How PipJournal Helps
PipJournal’s tag filtering system is built for the tagging architecture described in this guide — you assign setup tags at entry and filter your entire trade history by tag in seconds to calculate setup-specific win rate, average pips, and expectancy. The analytics dashboard automatically calculates net P&L after commissions, so spread-adjusted expectancy is always visible without manual math. For scalpers running multiple sessions per day, the session-level breakdown shows London vs. NY performance side by side, making it straightforward to identify your highest-edge window and cut the sessions that are draining it. The pre-trade checklist workflow inside PipJournal also helps scalpers define setup criteria before the session opens, reducing the EM-tagged emotional entries that erode profitability over time.
People Also Ask
How many fields should a scalping trade log have?

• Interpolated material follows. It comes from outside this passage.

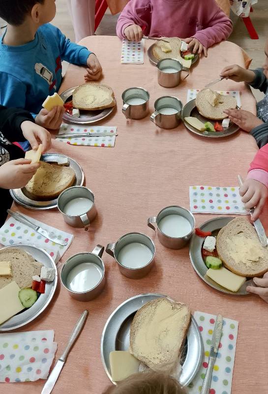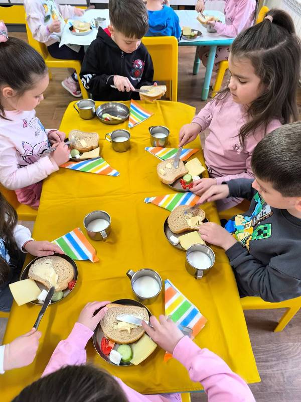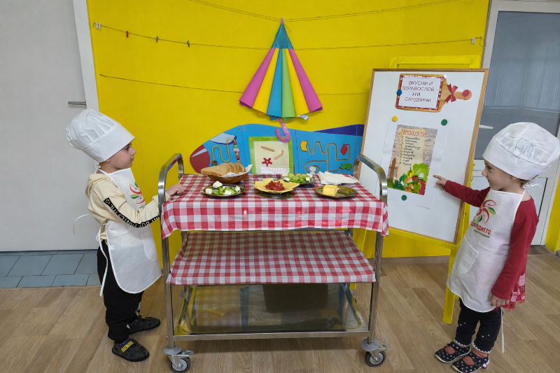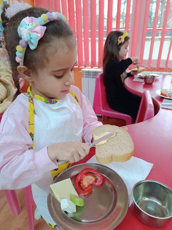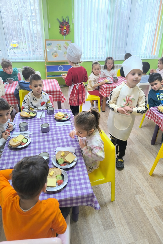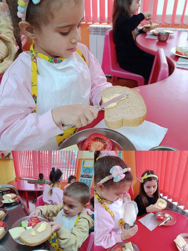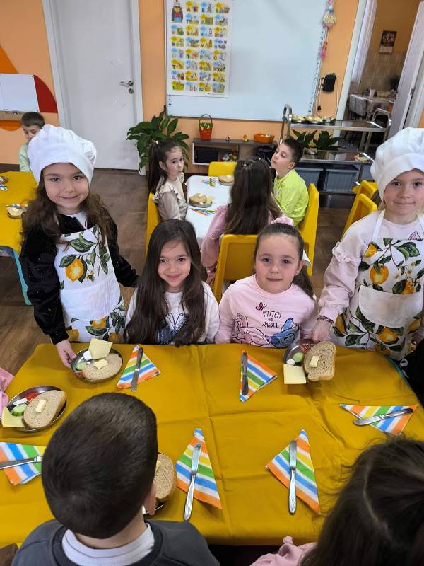 Децата от всички групи ежемесечно приготвят здравословни сандвичи като прилагат усвоените умения за изработване, подреждане и декорация на сандвичи по време на сутрешната закуска.

Eight fields is the practical maximum for active scalping — pair, direction, entry time, entry price, exit price, lot size, setup tag, and outcome in pips. Anything beyond this slows you down between trades without adding proportionate insight.
Should I write notes for every scalp trade?
No. Write a single post-session block covering patterns you noticed, emotional state, and 1-2 standout trades. Per-trade notes during a scalping session interrupt execution and reduce consistency.
How do I know if my scalping edge is real?
Calculate expectancy across at least 50 trades of the same setup type. A positive expectancy of 0.3 pips or higher net of spread and commission per trade indicates a genuine edge worth repeating. Gross win rate alone is not sufficient — always net out your average spread cost before drawing conclusions.
What metrics matter most for scalpers?
Win rate, average pip gain vs. average pip loss, spread cost as a percentage of average winner, and time-in-trade. A scalper with a 65% win rate but a 1.2-pip average spread on a 3-pip target has a much thinner edge than the win rate alone suggests.
How often should I review my scalping journal?
Daily for a 5-minute data check (net pips, trade count, win rate), and weekly for a 20-30 minute deep review to identify setup-level patterns and overtrading signals.